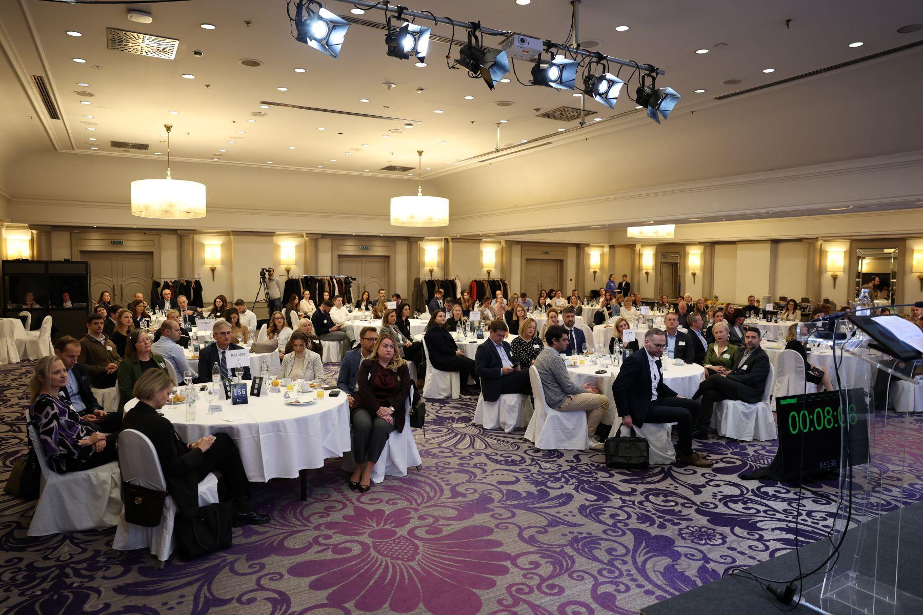 At the panel discussion "Excellence in Implementing Environmental, Social, and Governance Factors" participants were Ana Zorić, Directorate for Economy and Financial System, Ministry of Finance; Stanko Kršlović, Board Member of Philip Morris Zagreb; and Matija Mandić, Board Member and Chief Financial Officer of Telemach.
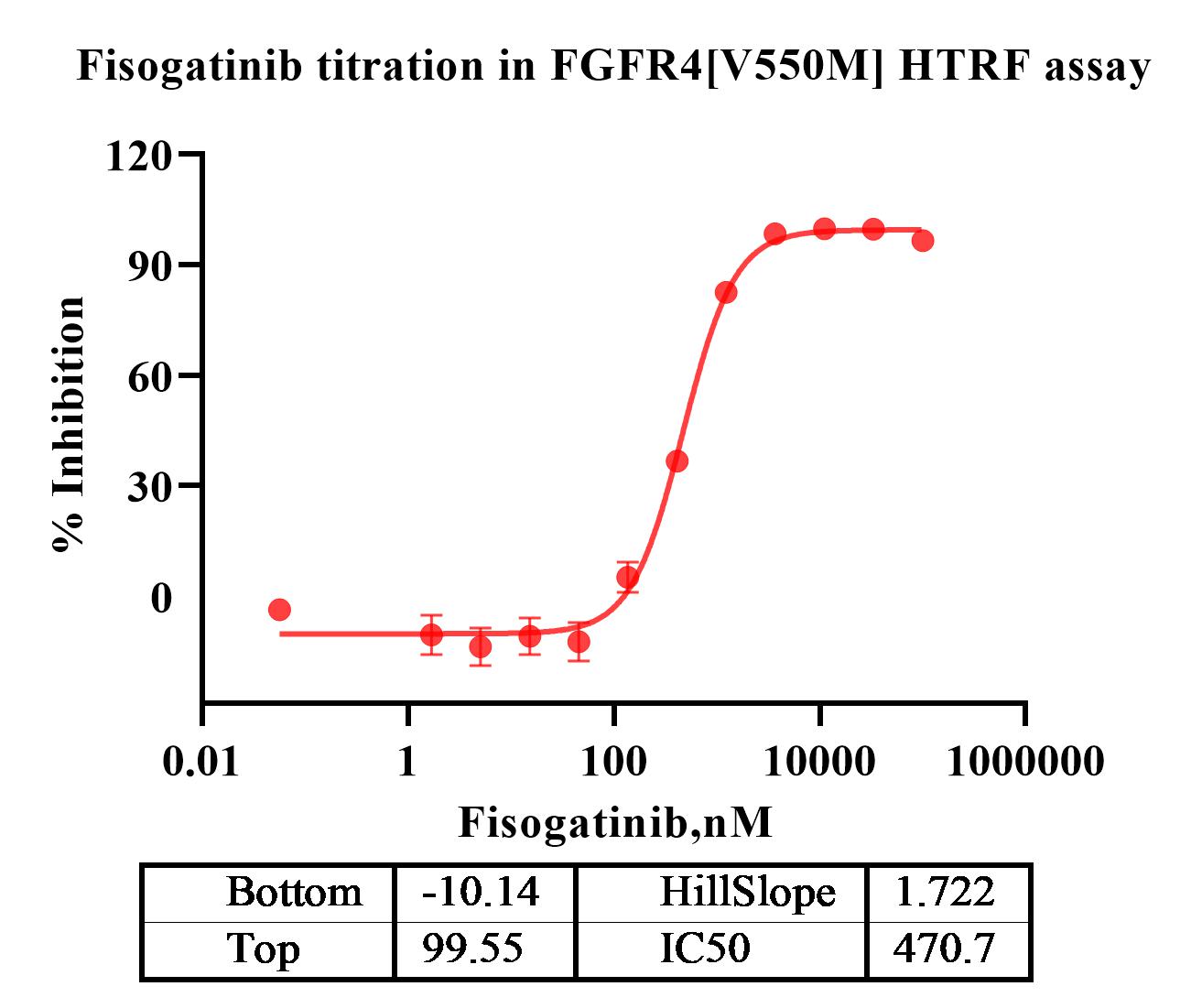 Activity Identification:The FGFR4[V550M] activity was detected using HTRF technology. The reaction was performed by incubating the FGFR4[V550M] protein, ATP and substrate at 25℃ for 60 min, adding the beads at 25℃ for 60 min, then reading ratio 665/620 with BMG.
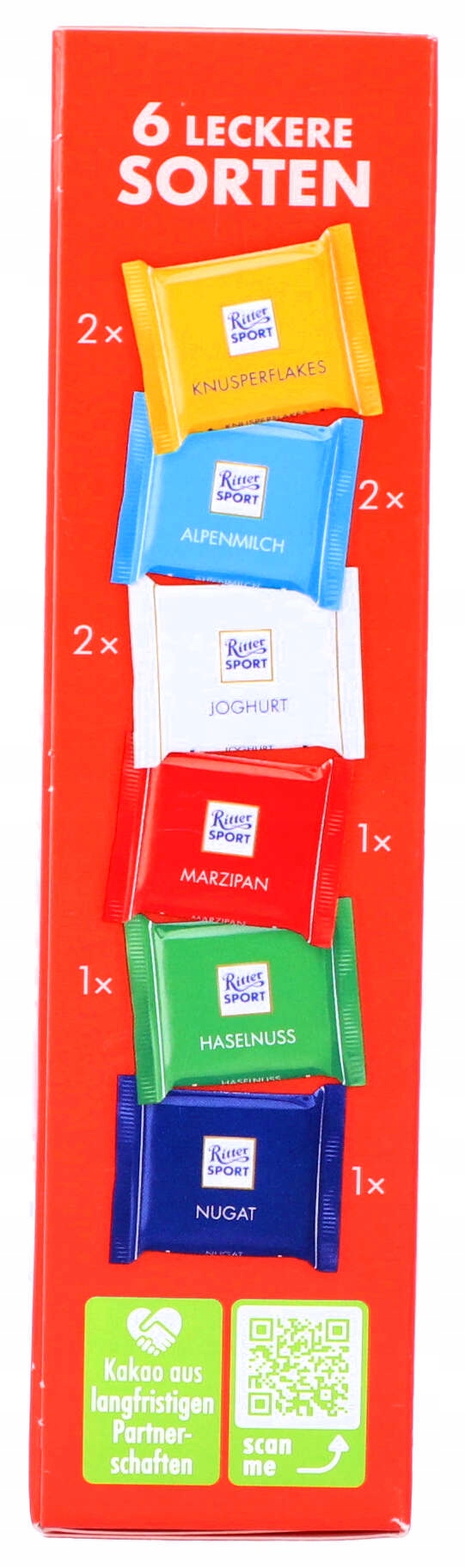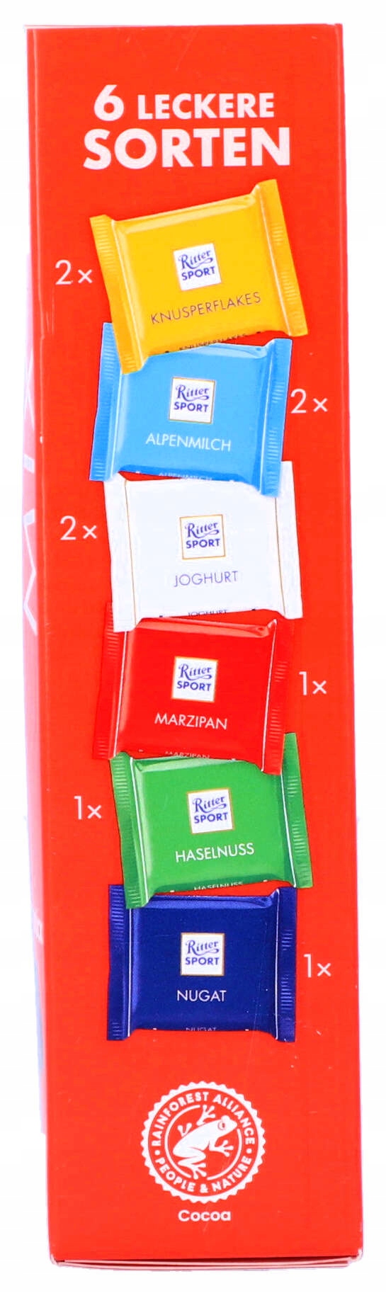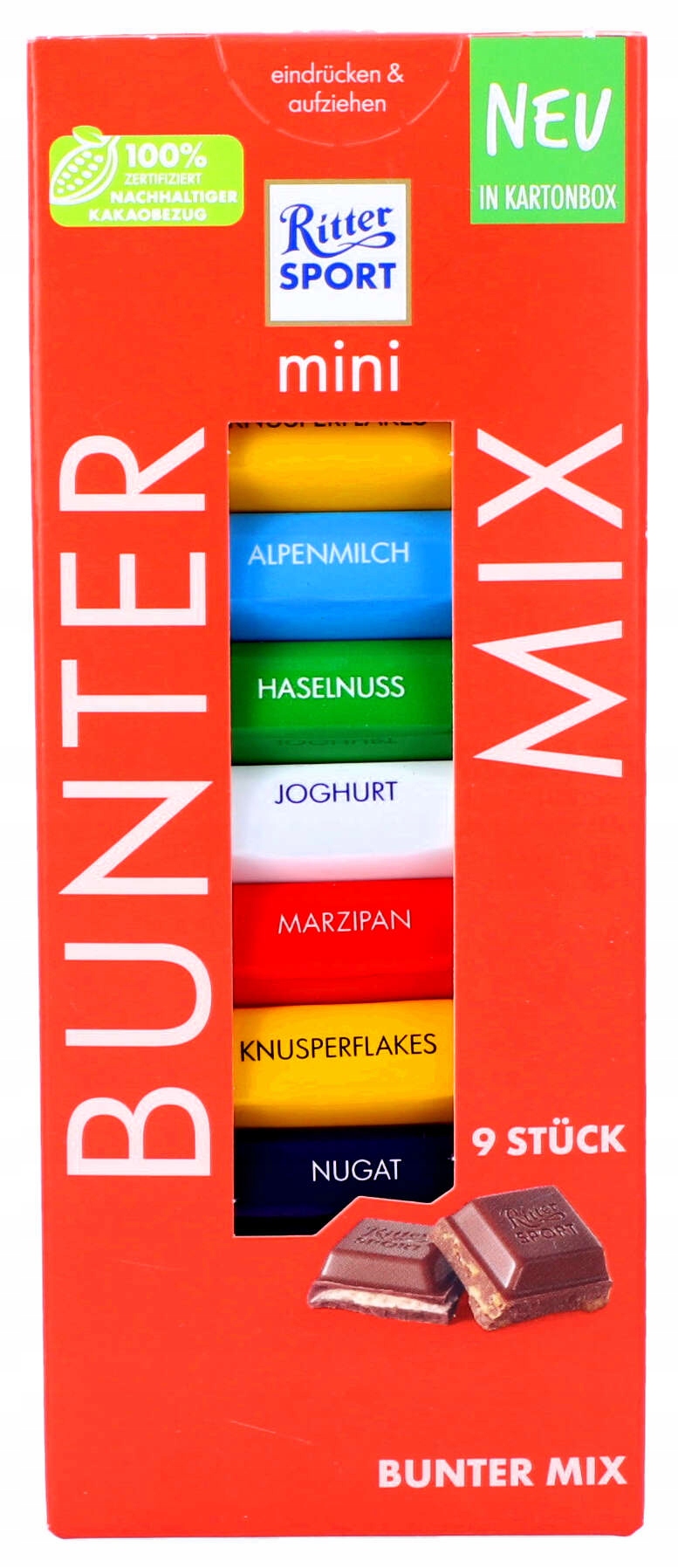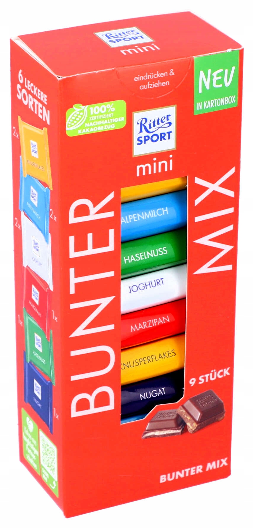 Czekoladki Ritter Sport Bunter Mix to zestaw wyjątkowych, kolorowych czekoladek o różnorodnych smakach. W opakowaniu znajdziesz 6 różnych wariantów smakowych, zapewniających niezapomnianą podróż po czekoladowych doznaniach. Każda czekoladka Ritter Sport zachwyca doskonałą jakością i wyjątkowym smakiem, sprawiając, że każdy kęs to prawdziwa przyjemność dla podniebienia.

============

# [Work order]
Print only the lines running from the one containing "Activity Identification:The FGFR4[V550M]" to the end of the data above, exactly; include no pictures.

# [Answer for the task]
 Activity Identification:The FGFR4[V550M] activity was detected using HTRF technology. The reaction was performed by incubating the FGFR4[V550M] protein, ATP and substrate at 25℃ for 60 min, adding the beads at 25℃ for 60 min, then reading ratio 665/620 with BMG.
 Czekoladki Ritter Sport Bunter Mix to zestaw wyjątkowych, kolorowych czekoladek o różnorodnych smakach. W opakowaniu znajdziesz 6 różnych wariantów smakowych, zapewniających niezapomnianą podróż po czekoladowych doznaniach. Każda czekoladka Ritter Sport zachwyca doskonałą jakością i wyjątkowym smakiem, sprawiając, że każdy kęs to prawdziwa przyjemność dla podniebienia.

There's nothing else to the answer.